Authored by: Moti Uttam, Managing Director, Malaysia, Hitachi Vantara
The Global AI-Powered Storage Market is Expected to Grow from USD 10.4 Billion in 2019 to USD 34.5 Billion by 2024; Growing at a CAGR of 27.1%. - ResearchAndMarkets.com.
The big data phenomenon has transformed the economic value of data and business leaders globally now see the potential to monetize their data. Much like a business has movable and immovable assets, data has now become the intellectual capital of an organisation.
Most assets depreciate with usage. However, data appreciates or gains value with usage. That is, the more the organization uses the data across more use cases, the more valuable, complete and accurate the data becomes. These same characteristics apply to analytics, where analytics is basically “data” that has been refined or “curated” into customer, product or operational insights.
South East Asian countries are still falling behind the APAC region as a whole in embracing and applying AI and machine learning to their benefit. This is despite having a large set of computable data driven by growing digitalisation, affordable computation and storage technology, newer algorithms and a community mindset which has long been ready for AI adoption.
Companies in the region have to break away from basic AI usage like face recognition and multi- player experience to larger functions like understanding user patterns and dynamically changing work processes and value to customers by unlocking dormant data. A prevalent concern across users is the storing and securing of mass data before they can effectively transform it using algorithms. This is where AI storage shows its value as it is innovated specifically to serve machine learning in the long run.
Unique to AI Workload
AI workloads are different from generic workloads. Hence, the use of traditional data storage may interfere with the efficiency of algorithms. AI and machine learning workloads require huge amounts of storage to extract translate and load input data, do exploratory data analysis to see what data is relevant, create test data, build and train the models, retrain the models to reflect changing data patterns, inferences, and new discoveries and keep them running. AI Storage is built to cope with quick match, extraction, analysis and large storage capabilities.

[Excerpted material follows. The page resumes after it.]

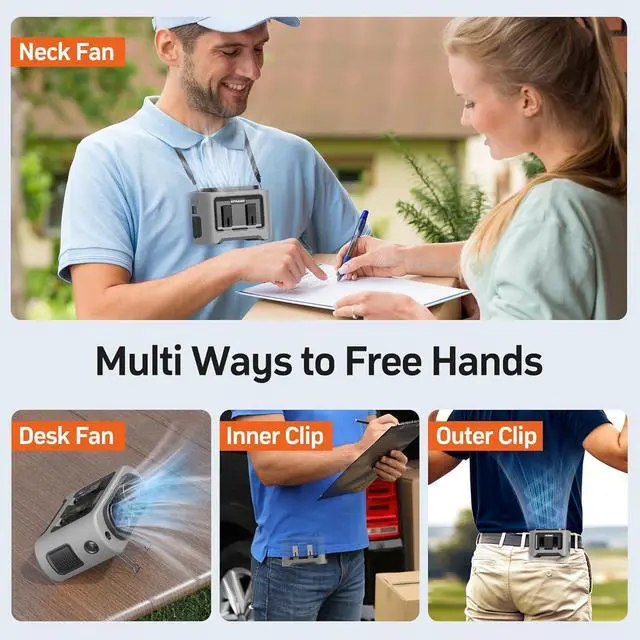 Air Outlets: Equipped with dual motors and air outlets, this clip fan offers stronger airflow and larger cooling coverage. Also comes with 2X belt clips, shirt clips, stands, and a lanyard, making it perfect for hands-free use during hiking, climbing, or bikingfalseThoughtful

As most data appreciate in value, it must be retained for as long as there is perceived value. Of course, there are also local regulatory requirements like PDPA, which may require retention of data in a form that explains the decisions made by AI. Data protection and data dispersion will also create copies of data, making AI storage the best option for businesses looking to embrace deep learning and big data analytics.
Scalable AI Storage
Scalability not only requires the ability to scale capacities into the tens of petabytes, but also scale connectivity to thousands of servers. Scalability includes the ability to minimize the footprint and cost of storage through intelligent use of deduplication, compression, virtualization, tiering, archiving, indexing cataloging and shredding.
Machine learning also does not take place at a singular point. The use algorithms require the storage infrastructure to be accessible to a large number of compute servers with high-bandwidth and low-latency connections to the data. While the data ingestion and data engineering phase may be sequential, the bulk of the work in training the models and doing the analysis is very random.

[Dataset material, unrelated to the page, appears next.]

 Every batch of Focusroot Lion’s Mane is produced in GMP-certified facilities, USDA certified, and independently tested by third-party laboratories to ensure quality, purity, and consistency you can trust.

AI and ML data is stored with metadata which their algorithms rapidly sort through to determine which data is relevant to the problem being solved. A lot of the data may be cold until it is suddenly called to action. This requires multiple levels of storage with different performance and costs with metadata being on the highest performance level and less active data on the lower performance and cost levels.
Managing Data Processes
Machine learning develops models that are evaluated and rebuilt as new data is added. The data refines the model and has to be updated consistently to remain a valuable data asset. There are many phases with different processing requirements, from data ingestion, data engineering, data discovery and visualization, model development and training, model deployment, and retention, all with various performance, tiering, and protocol requirements. Intelligent storage systems which utilize AI and ML are needed to continuously learn and adapt to the infrastructure environment to better manage and serve data.
AI and ML are provided to automatically adjust for peak performance and uptime as well as maximum return on investment (ROI). With AI, leaders see the opportunity to focus more time on strategic initiatives while the data center monitors itself. In effect, this allows an organization to begin implementing an autonomous data center that intelligently predicts and prescribes changes that increase uptime and operational efficiency for AI and ML workloads while meeting SLAs.
Designing AI and ML capabilities is a major focus for Hitachi engineering teams. Across every area of the company, development teams are researching how to develop AI to make smarter, broader insights. Hitachi VSP 5000 series provides the core data storage foundation for all digital business operations with the speed and scale to power existing workloads as well as new, data-intensive workloads emerging through multi cloud and AI-driven environments. It is agile enough to store block and file data and supports workload diversity ranging from traditional mission-critical business applications to containers to mainframe. Hitachi VSP 5000 series enables all workload consolidation that maximizes operational efficiencies.